• [Exercise]:
The whole listing is to be given again without alteration, except that its pictures are dropped.

Raw data: Begin

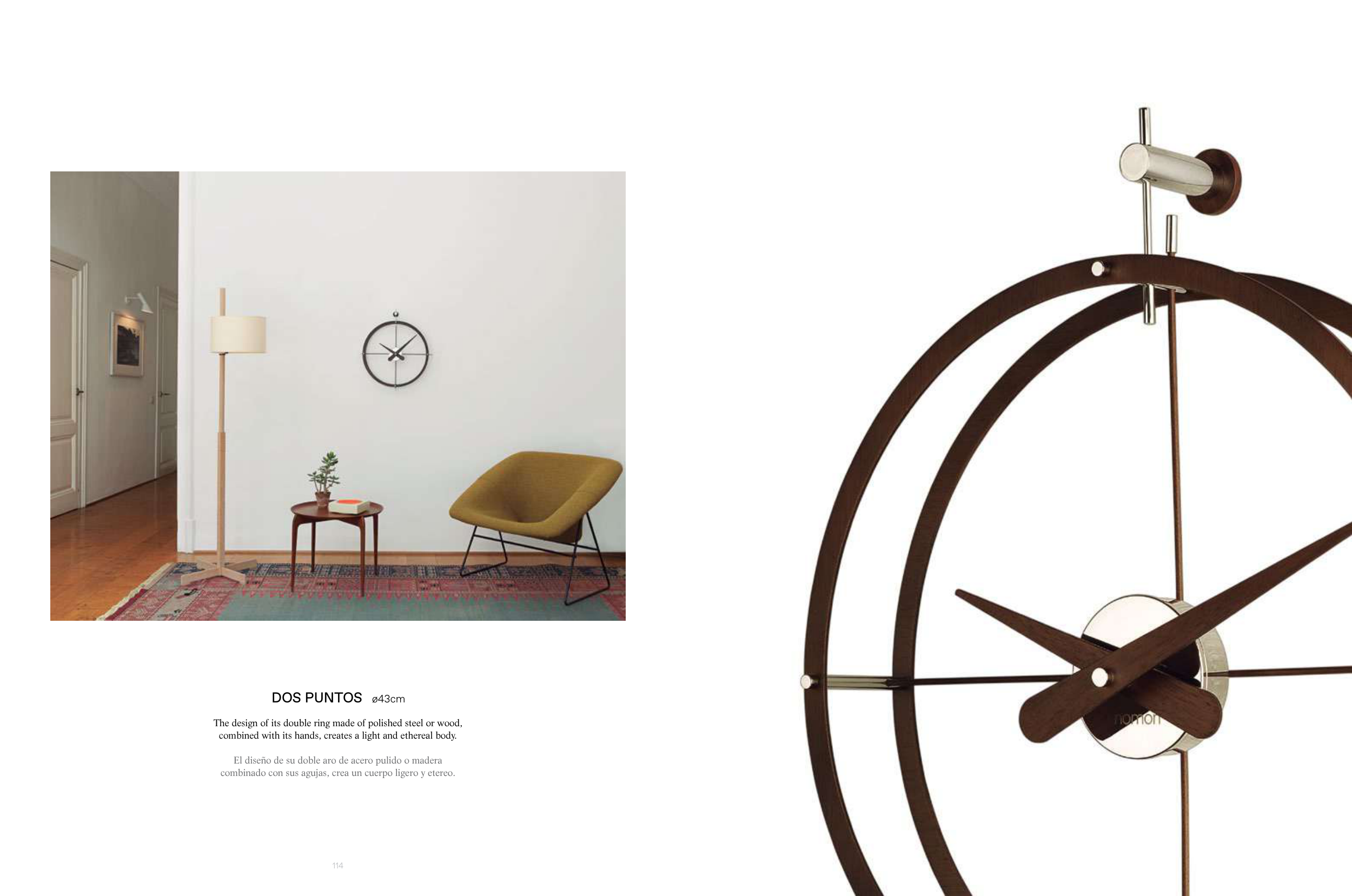 114 The design of its double ring made of polished steel or wood, combined with its hands, creates a light and ethereal body. El diseño de su doble aro de acero pulido o madera combinado con sus agujas, crea un cuerpo ligero y etereo. DOS PUNTOS ø43cm
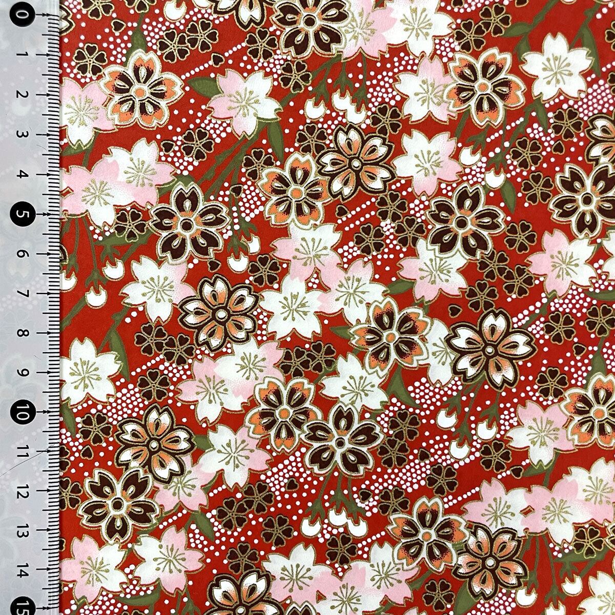 友禅和紙 華やかなしだれ桜とかわいい蕾 赤 大判 菊判 約63x93cm 千代紙 Yuzen Dyeing
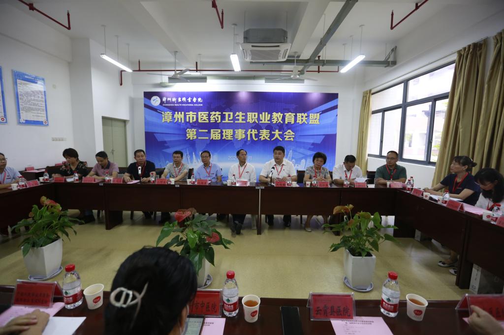 6月26日,2021年漳州市医药卫生职业教育联盟第二届理事代表大会在漳州卫生职业学院胜利召开。漳州卫生职业学院党委书记林忠,漳州市医药卫生职业教育联盟理事长、漳州卫生职业学院院长沈国星,漳州市委教育工委副书记、市教育局副局长洪维椿,漳州市卫生健康委员会四级调研员叶阿良,漳州卫生职业学院副院长沈小美、陈义三出席会议,涵盖院校、医院、企业的36家联盟理事代表46人出席大会。会议由陈义三主持。
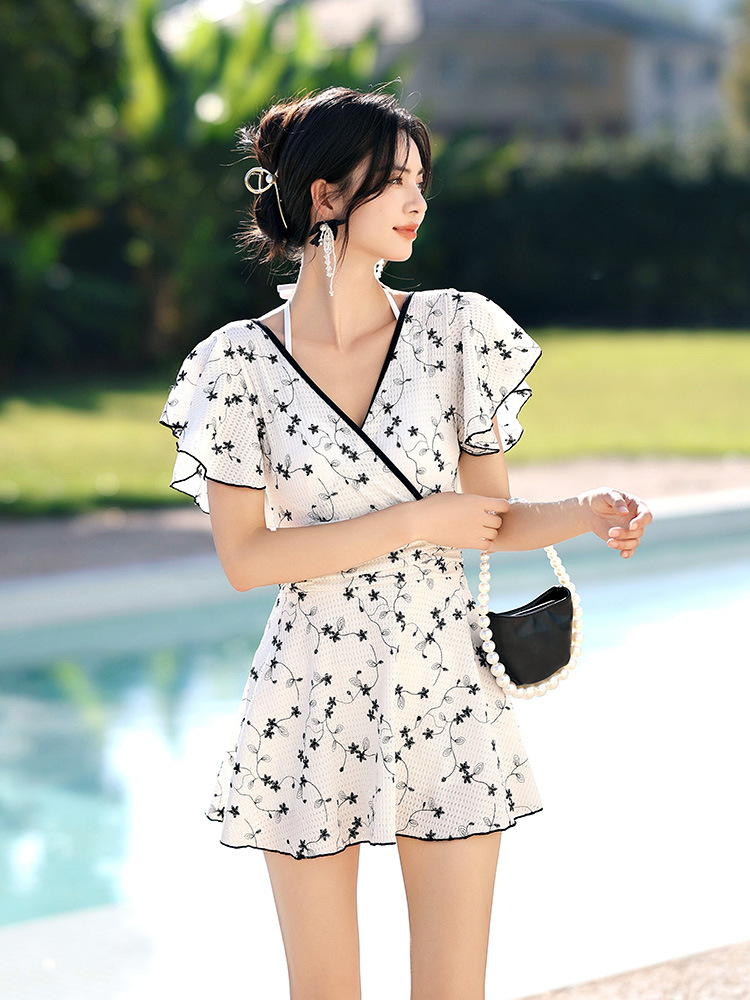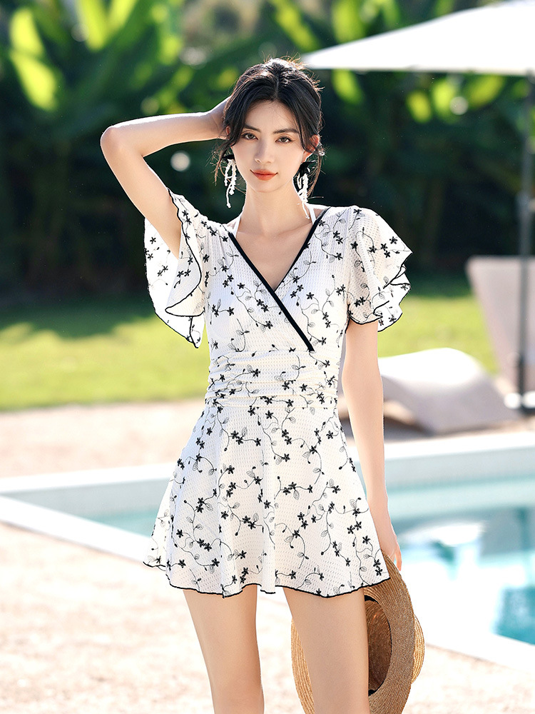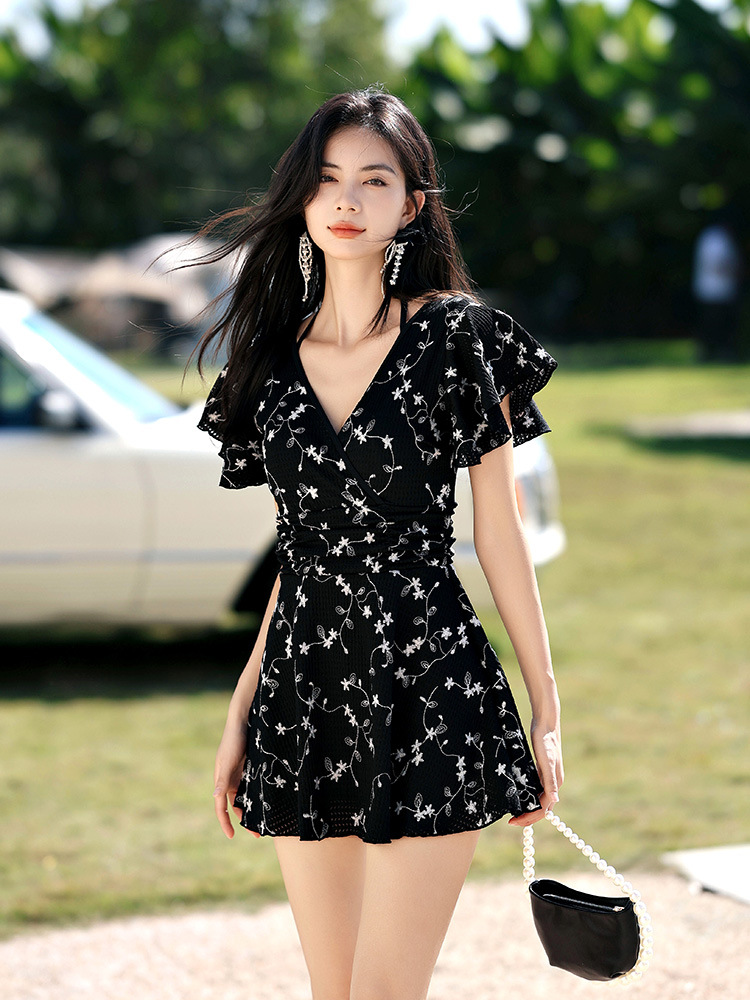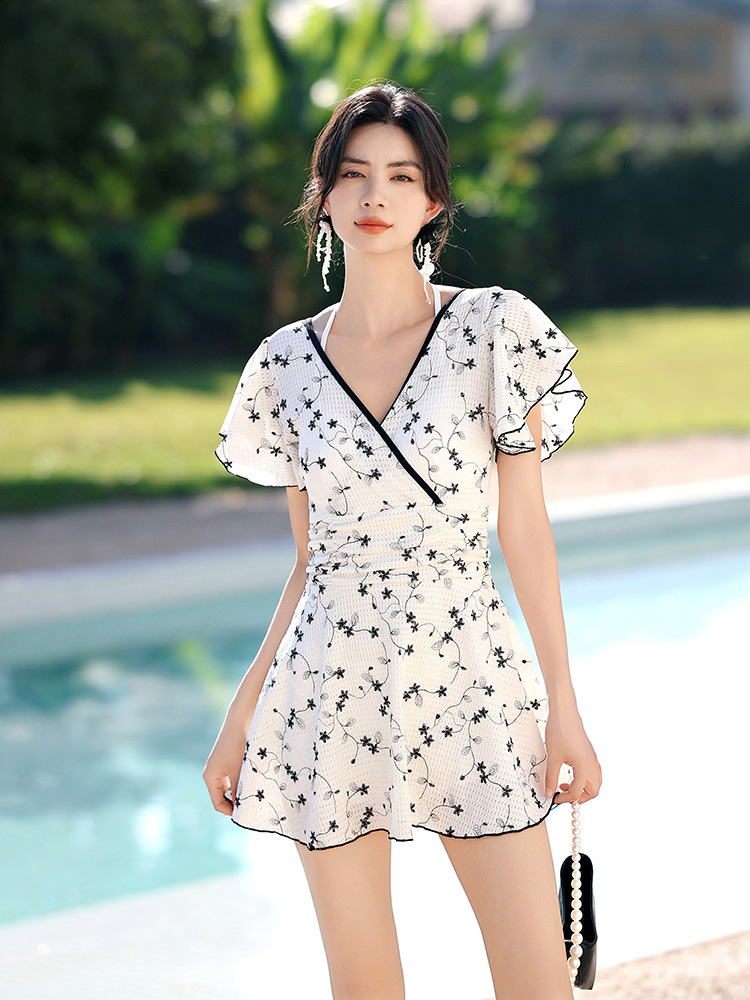 韩版时尚泳衣女连体裙式平角保守泳装新款度假泡温泉游泳衣女

Raw data: End

• [Answer below]:
 114 The design of its double ring made of polished steel or wood, combined with its hands, creates a light and ethereal body. El diseño de su doble aro de acero pulido o madera combinado con sus agujas, crea un cuerpo ligero y etereo. DOS PUNTOS ø43cm
 友禅和紙 華やかなしだれ桜とかわいい蕾 赤 大判 菊判 約63x93cm 千代紙 Yuzen Dyeing
 6月26日,2021年漳州市医药卫生职业教育联盟第二届理事代表大会在漳州卫生职业学院胜利召开。漳州卫生职业学院党委书记林忠,漳州市医药卫生职业教育联盟理事长、漳州卫生职业学院院长沈国星,漳州市委教育工委副书记、市教育局副局长洪维椿,漳州市卫生健康委员会四级调研员叶阿良,漳州卫生职业学院副院长沈小美、陈义三出席会议,涵盖院校、医院、企业的36家联盟理事代表46人出席大会。会议由陈义三主持。
 韩版时尚泳衣女连体裙式平角保守泳装新款度假泡温泉游泳衣女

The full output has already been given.